Update your process controls
You must be able to demonstrate that you have reviewed and are meeting the process control requirements for each of your customers and that you have an internal procedure and “system” that documents compliance, including to other testing and controls required by specifications. Make sure that you have updated your internal documents to reflect any contingencies you have in place for the current situation.
Adapt where possible
When “business as usual” is just not an option, work with your customers and regulators to identify what adaptations you can make that enable you to continue to provide the service they need at the level they expect. While you maintain control of any activity granted a temporary deviation from a requirement, avoiding the disaster of not returning to compliance once this situation has passed will be critical for ongoing conformity.
Explore different technological options to support your business. The MedAccred Subscribers recently authorized temporary virtual accreditation extension audits to enable companies whose accreditations were due to lapse a safe way to maintain their status. This type of audit can be used only when a physical on-site audit cannot be conducted. While not as desirable as an on-site in-person audit, it is bridging the gap for now. MedAccred virtual accreditation extension audits are limited scope audits conducted via videoconference technology that extend a current MedAccred Accredited auditee’s certificate for 3 months if they meet all requirements and properly close out their findings. The auditor conducts the audit with a representative from the factory, operating a live-stream video device pointed at areas on the factory floor that the auditor requests to see. In addition to live streaming from the factory floor while production lines are running, documents are shared and reviewed through normal videoconference application, such as Microsoft Teams or Zoom.

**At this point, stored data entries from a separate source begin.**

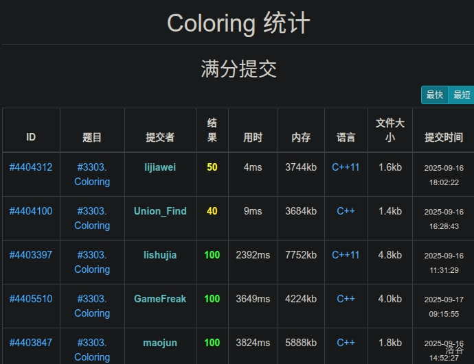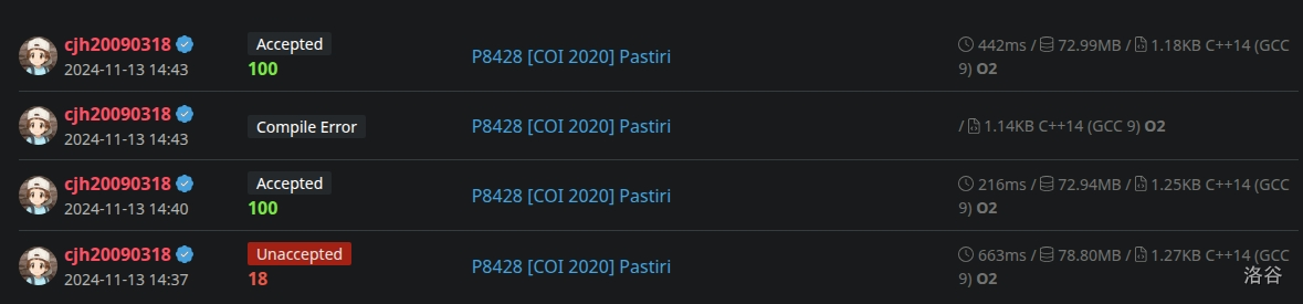 这个评测系统,C++(14) 的语言标准比 C++11 高,导致大家都去选了表面上最高的 C++11 结果编译失败,运行速度也非常堪忧,自带超大常数。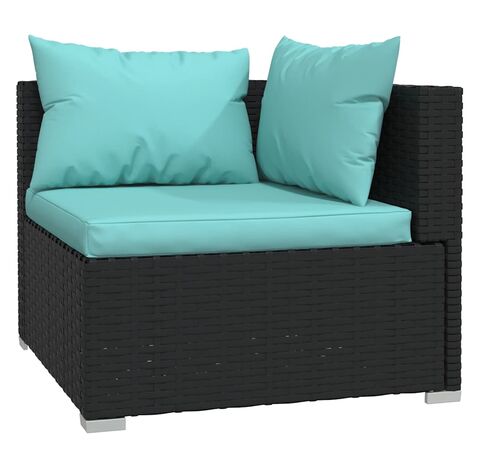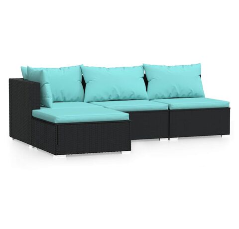 Cantitatea minima pentru "Set mobilier relaxare grădină 4 piese cu perne poliratan negru" este 1.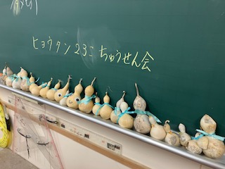 4年理科では、1年間育てたヒョウタンが24個できました。そのうちの1個は、次の4年生に見てもらうということで、残りの23個を抽選会で希望する児童に分けることにしました。色を好きなように塗りたいとか、穴を開けてランプのようにしたいとか、家の置物として置きたいとか、色々希望がありましたのでそのままの状態で渡すことにしました。抽選会当日は、80人ほど集まり、山口先生とのジャンケン大会で当選者を決めました。ジャンケン大会は盛り上がり、勝った児童は大切そうに持ち帰り、負けた児童も種をもらって家でも育てると意気込んで帰りました。ヒョウタンは、末広がりの形をしていることから、日本古来より『除災招福』『魔除け』の縁起物とされているそうです。どうぞ大事にしてくさい。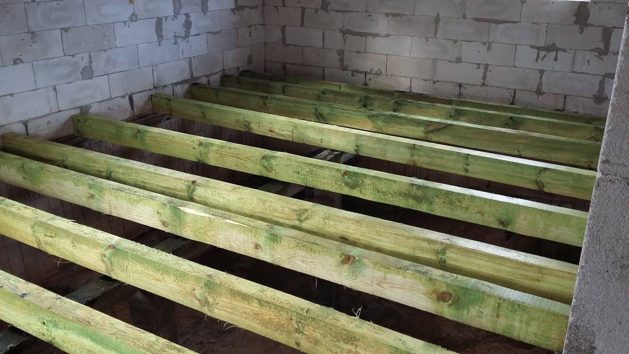 Заключается в обустройстве напольного основания и потолка. Сначала изготавливается несущий каркас из необработанного бруса, на который ложится половая шпунтованная доска толщиной три – четыре сантиметра.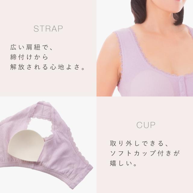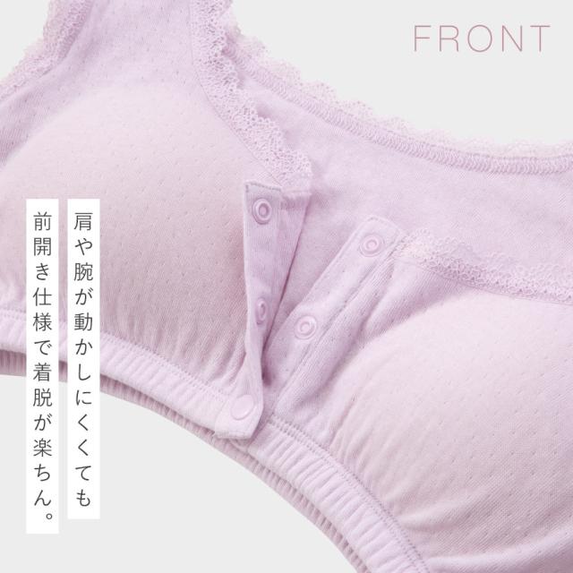 ブラジャー 綿100%,ブラジャー ノンワイヤー,ブラジャー 前開き,ブラジャー,ノンワイヤー,ノンワイヤーブラ,ハーフトップブラ,ナイトブラ,ソフトブラ,リラックスブラ,授乳ブラ,前開き,フロントボタン,前ボタン,授乳,締め付けない,しめつけない,苦しくない,痛くない,締め付け解放,締付け解放,腕が回らない,腕が上がらない,手が届かない,リラックス,レース,着脱簡単,カップ,取り外し可能,薄手,薄め,さらさら,サラサラ,春,夏,春夏,秋,冬,秋冬,オールシーズン,涼しい,快適,ラベンダー,紫,パープル,ガーゼ,綿100%,コットン100%,綿,コットン,100,肌に優しい,敏感肌,保温,2重ガーゼ,二重ガーゼ,ダブルガーゼ,ふんわり,大人,レディース,女性,シニア,高齢者,お年寄り,ミセス,介護,在宅介護,入院,30代,40代,50代,60代,70代,M,L,LL,大きいサイズ,ゆったり,大きめ,
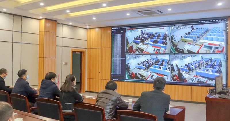 12月25日上午,校领导王雪云、李学志、王忠勇来到龙子湖校区总控中心,通过视频系统察看各考场秩序,要求各部门务必要千方百计克服困难,周密细致组织好考试保障工作,确保应考尽考,坚决守住不发生疫情传播的底线。要从严从实做好师生健康监测、考点错峰出入、考场通风消杀、防疫物资准备等工作,切实保障好师生安全和考试安全。要进一步强化考场管理,及时回应考生关切,维护考场周边秩序,做好各项应急准备,确保考试顺利圆满。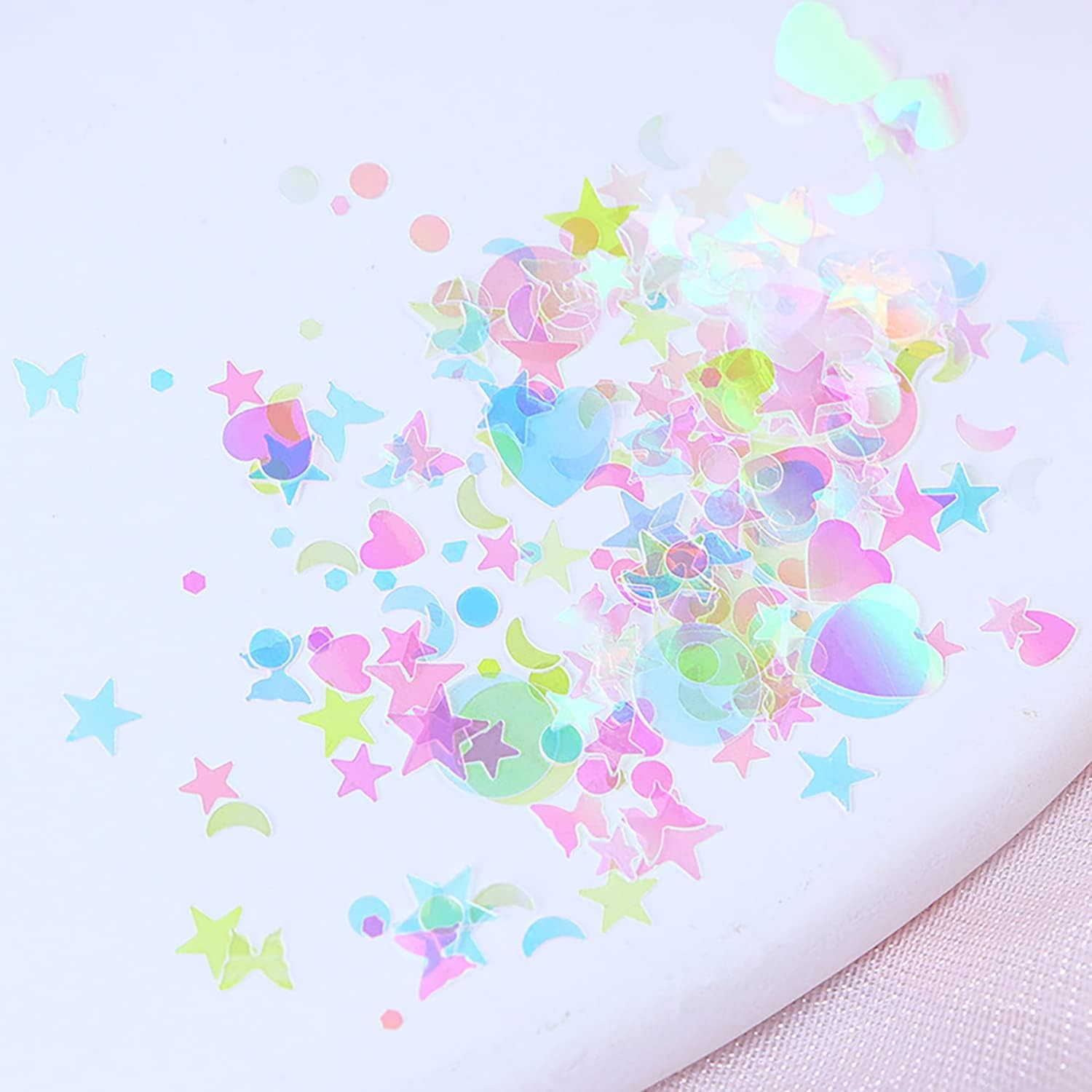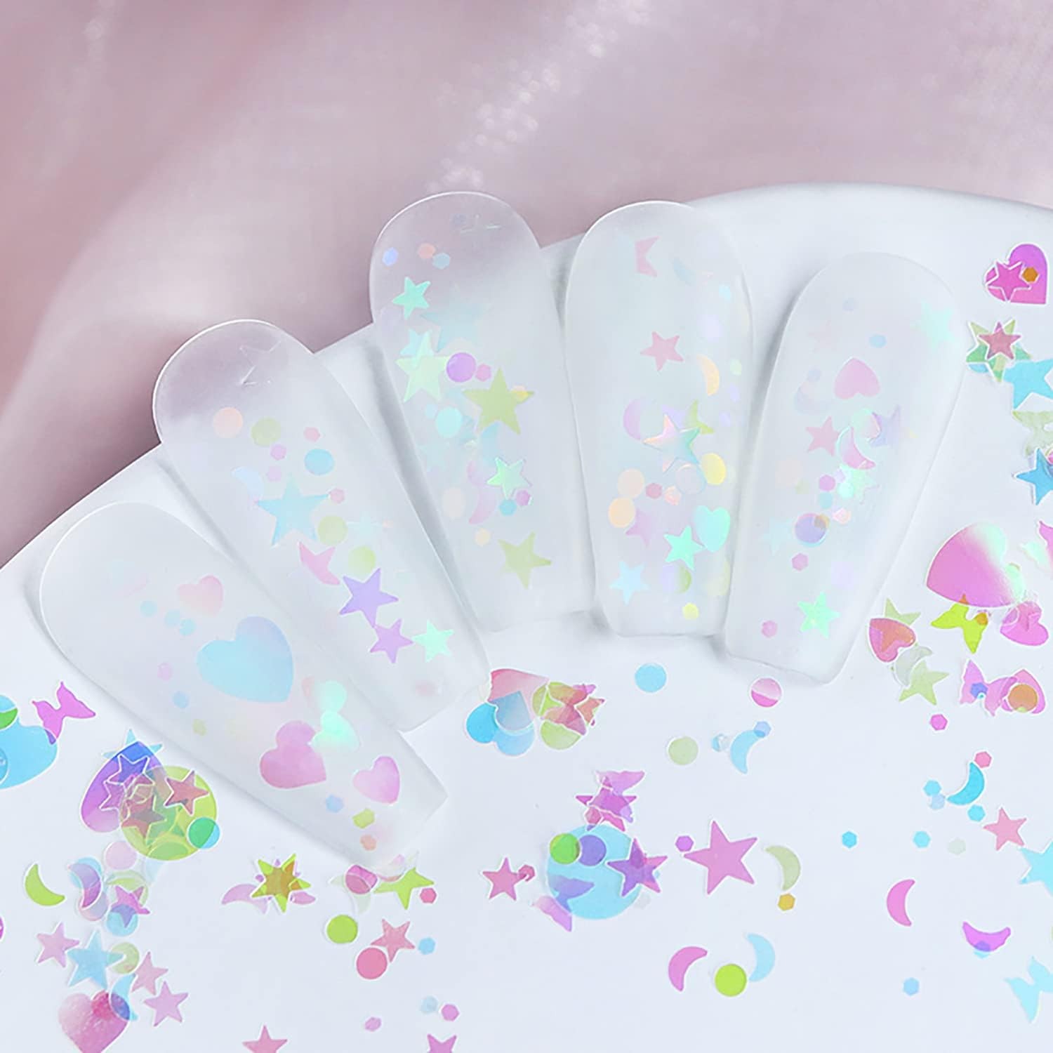 Holografik Parlak Şeffaf Tırnak Süsleme Folyo Pulları Karışık Dizayn Kelebek Kalp Yıldızlar Yarım Ay ve Yuvarlak Pullar Nail Art WNS-001

“Jabil Circuit (Shanghai) Ltd. gained MedAccred printed circuit board assemblies accreditation in April 2019. This was a very proud moment for our team, and the result of a lot of hard work. The MedAccred audit is not a simple checkbox exercise; the auditor really looks in detail into the procedures and records, as well as observing parts processing in real time.
“Accreditation is initially awarded for one year. Due to the COVID-19 pandemic, there was a risk of accreditation lapse. Measures such as travel restrictions and social distancing, as well as concern for the safety and welfare of all involved in the audit, made it difficult to conduct an onsite audit. We partnered with the MedAccred team and were able to successfully host a virtual accreditation extension audit online.
“This meant the MedAccred auditor conducted our audit at a distance, covering the key requirements and permitting Jabil Circuit (Shanghai) Ltd. a three-month extension on our accreditation. It is not the same as conducting the audit in person but it is a great example of how technology can be leveraged in these challenging times to demonstrate our unwavering dedication to quality and ability to satisfy our customers’ requirements. The intent is that this will help us evidence our compliance until we can welcome the MedAccred auditor back onsite again.”
Alice Wang, Manager of Quality System at Jabil Circuit (Shanghai) Ltd.